Marktplaats search results page (we’ll scrape listing cards)

In this tutorial we’ll build a search results scraper in Python that extracts:

  • listing title
  • price (string, as shown)
  • location (when present)
  • listing URL

…then exports a clean CSV.

Keep marketplace crawls stable with ProxiesAPI

Marketplace listing pages are high-signal and high-traffic — they throttle aggressively when you scale. ProxiesAPI gives you a consistent fetch layer so your extraction logic stays focused on parsing, not networking failures.


What we’re scraping (Marktplaats structure)

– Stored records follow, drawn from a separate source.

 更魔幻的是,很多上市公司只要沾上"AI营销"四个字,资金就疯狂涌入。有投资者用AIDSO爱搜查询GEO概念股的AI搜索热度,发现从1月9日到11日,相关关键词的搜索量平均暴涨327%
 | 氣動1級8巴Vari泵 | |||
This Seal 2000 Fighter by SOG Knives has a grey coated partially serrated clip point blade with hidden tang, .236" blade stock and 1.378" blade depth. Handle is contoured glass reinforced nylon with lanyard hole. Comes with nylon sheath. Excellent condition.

For a simple query like “iphone”, the canonical search URL looks like:

https://www.marktplaats.nl/q/iphone/

Marktplaats is a modern React app, but the results list is server-rendered (you can see listing HTML in the page source). That means you can often scrape it without a full browser renderer.

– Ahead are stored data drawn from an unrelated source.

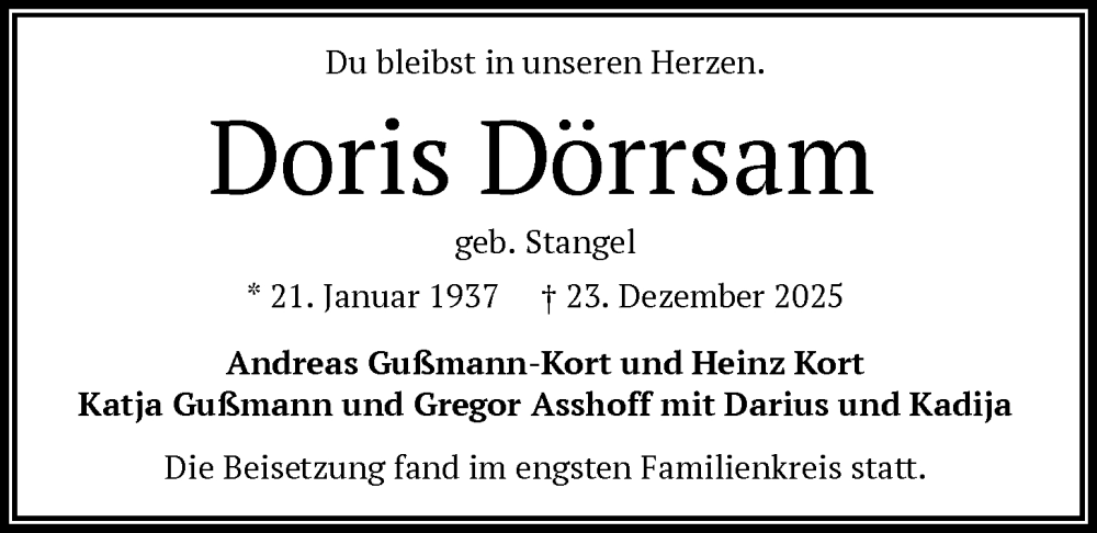 Hier finden Sie alle Traueranzeigen aus der Zeitung, die bisher für Doris Dörrsam erschienen sind. Weitere Traueranzeigen, die in der Zeitung erscheinen, werden hier ebenfalls aufgelistet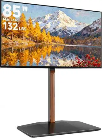 New in open box. All parts are accounted for. 【Stylish and Functional Design】The 85 inch tv stand combines premium high-density walnut-style wood with a 4x weight-tested heavy duty metal frame, easily supporting up to 132lbs. It addresses the issues of traditional Easel swivel tv stand taking up space and wood supports being too weak, transforming tight corners into stylish media spots. The thickened 5D base firmly supports your TV, eliminating wobble so you can enjoy an immersive visual experience with peace of mind. 【Universal VESA compatibility】With support for VESA sizes ranging from 100x100mm to 600x400mm, the tv stand floor fits TVs from 36 to 85. This means you can upgrade to 85, 80, 77, 65, 60, 55, 50, 43, and 40 according to your needs. The stand for tv is fully compatible with all VESA-compliant TVs, suitable for Samsung, Sony, LG, and , ensuring a perfect fit for your favorite brands! 【Enjoy a stylish entertainment corner】Adjust the height of the universal TV stand from 29 to 36.5 inches to create the ideal viewing angle for everyone. The 30-degree swivel allows you to reposition your TV effortlessly. Whether you’re hosting a game night with friends, keeping an eye on your kids while they play, or enjoying a lazy afternoon with your pet, no one misses a moment!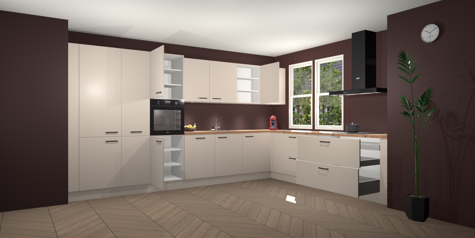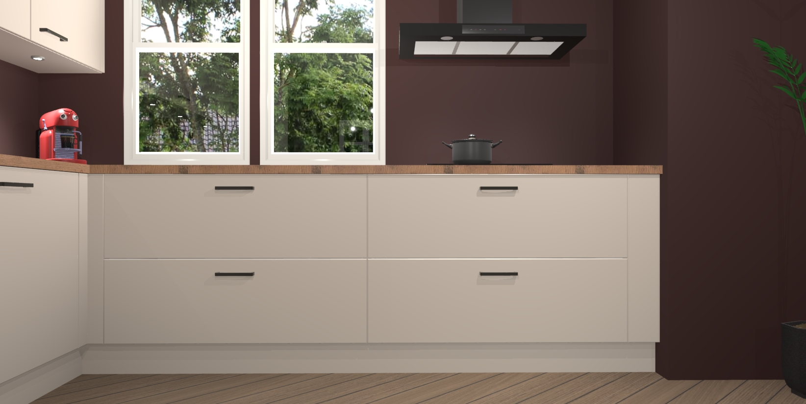 Inclusief plinten, stelpoten en werkblad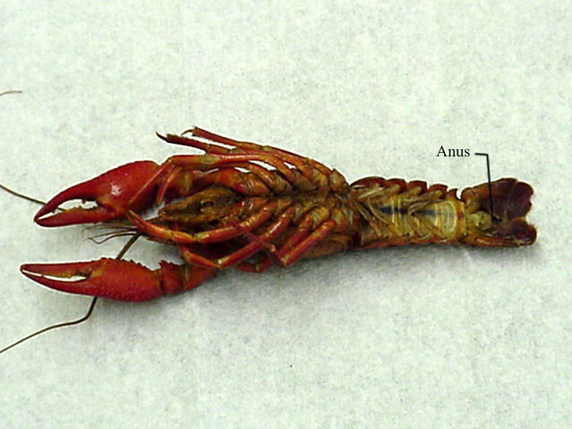 8. Abdomen - This section is a segmented tail. On the ventral side there are numerous swimmerets. The first pair is modified for the transfer of sperm in those that are ready to mate. Identify the uropod and the telson at the posterior end of the abdomen.

Listings typically appear as repeated blocks with:

  • an a[href^="/v/"] cover link
  • a title element (strong text)
  • a price element (often an h5)
  • a location label (often data-testid="location-label")

Setup

python -m venv .venv
source .venv/bin/activate
pip install requests beautifulsoup4 lxml

ProxiesAPI: a clean fetch layer

import os
import time
import random
import urllib.parse
import requests

PROXIESAPI_KEY = os.environ.get("PROXIESAPI_KEY", "")
TIMEOUT = (10, 40)

session = requests.Session()


def proxiesapi_url(target_url: str) -> str:
    if not PROXIESAPI_KEY:
        raise RuntimeError("Set PROXIESAPI_KEY in your environment")

    return (
        "http://api.proxiesapi.com/?auth_key="
        + urllib.parse.quote(PROXIESAPI_KEY, safe="")
        + "&url="
        + urllib.parse.quote(target_url, safe="")
    )


def fetch(url: str, *, use_proxiesapi: bool = True, max_retries: int = 4) -> str:
    last_err = None

    for attempt in range(1, max_retries + 1):
        try:
            final_url = proxiesapi_url(url) if use_proxiesapi else url
            r = session.get(
                final_url,
                timeout=TIMEOUT,
                headers={
                    "User-Agent": (
                        "Mozilla/5.0 (Macintosh; Intel Mac OS X 10_15_7) "
                        "AppleWebKit/537.36 (KHTML, like Gecko) "
                        "Chrome/123.0 Safari/537.36"
                    ),
                    "Accept-Language": "nl-NL,nl;q=0.9,en;q=0.8",
                },
            )
            r.raise_for_status()
            html = r.text
            if not html or len(html) < 2000:
                raise RuntimeError(f"Suspiciously small HTML ({len(html)} bytes)")
            return html
        except Exception as e:
            last_err = e
            time.sleep(min(10, (2 ** (attempt - 1))) + random.random())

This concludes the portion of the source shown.